**GOAL OF THE EXERCISE**
For this exercise, retype the lines from the one that holds "廈門市是與深圳市齊頭并進的城" through the one that holds "Unlimited access to" in the records below, both included, exactly and without pictures.

**GIVEN RECORDS**

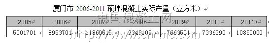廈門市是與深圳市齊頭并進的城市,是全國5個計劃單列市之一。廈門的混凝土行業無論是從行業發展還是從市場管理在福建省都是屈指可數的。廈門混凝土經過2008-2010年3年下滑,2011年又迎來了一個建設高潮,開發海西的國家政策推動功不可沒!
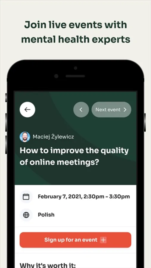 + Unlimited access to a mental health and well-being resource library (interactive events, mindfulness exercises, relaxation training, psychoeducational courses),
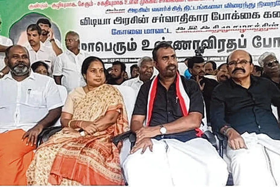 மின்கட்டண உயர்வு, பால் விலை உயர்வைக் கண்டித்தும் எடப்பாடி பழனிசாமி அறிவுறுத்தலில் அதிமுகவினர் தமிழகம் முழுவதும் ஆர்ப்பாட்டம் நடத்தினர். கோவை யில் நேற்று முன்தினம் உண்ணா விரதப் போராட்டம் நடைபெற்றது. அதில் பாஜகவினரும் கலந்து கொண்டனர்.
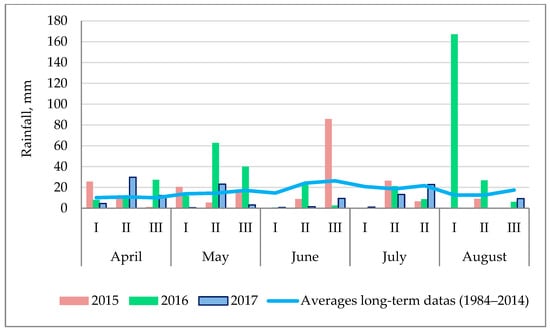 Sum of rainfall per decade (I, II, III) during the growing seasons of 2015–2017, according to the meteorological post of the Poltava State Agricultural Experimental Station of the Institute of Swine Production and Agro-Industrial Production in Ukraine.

==

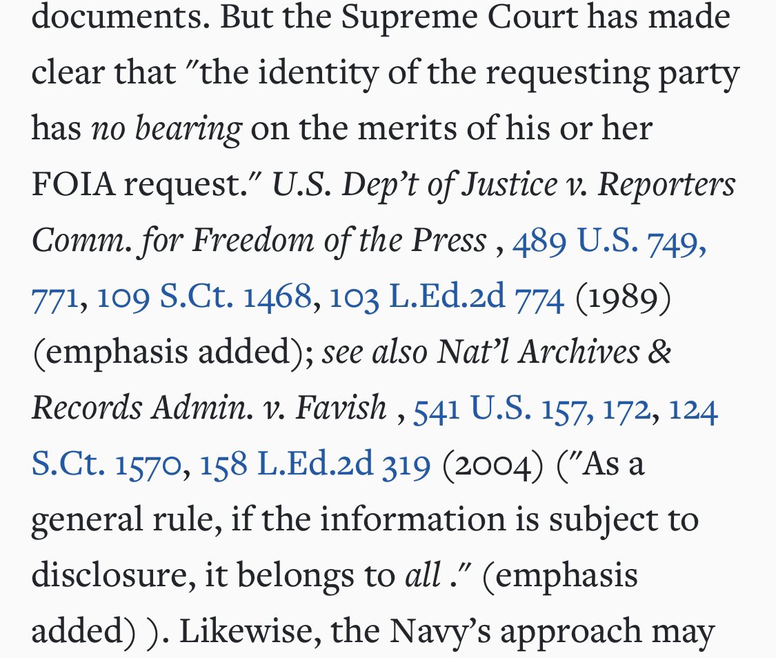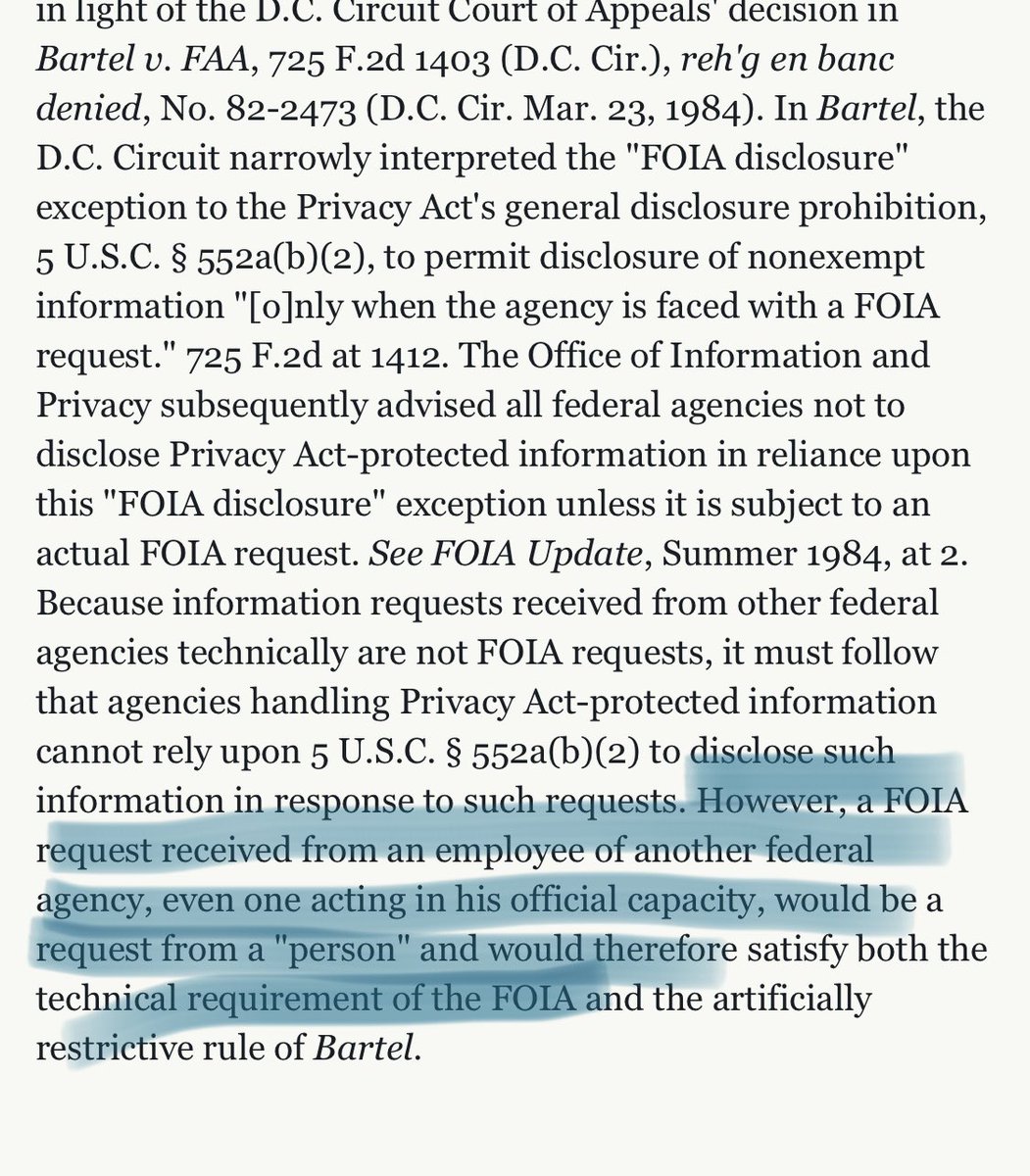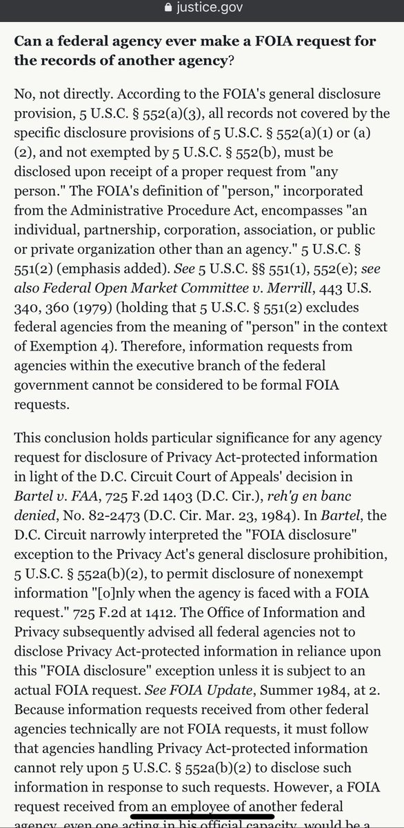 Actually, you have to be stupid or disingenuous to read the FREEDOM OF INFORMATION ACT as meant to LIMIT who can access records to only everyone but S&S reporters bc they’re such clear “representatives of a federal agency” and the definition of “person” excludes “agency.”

**COMPLETED TASK**
廈門市是與深圳市齊頭并進的城市,是全國5個計劃單列市之一。廈門的混凝土行業無論是從行業發展還是從市場管理在福建省都是屈指可數的。廈門混凝土經過2008-2010年3年下滑,2011年又迎來了一個建設高潮,開發海西的國家政策推動功不可沒!
 + Unlimited access to a mental health and well-being resource library (interactive events, mindfulness exercises, relaxation training, psychoeducational courses),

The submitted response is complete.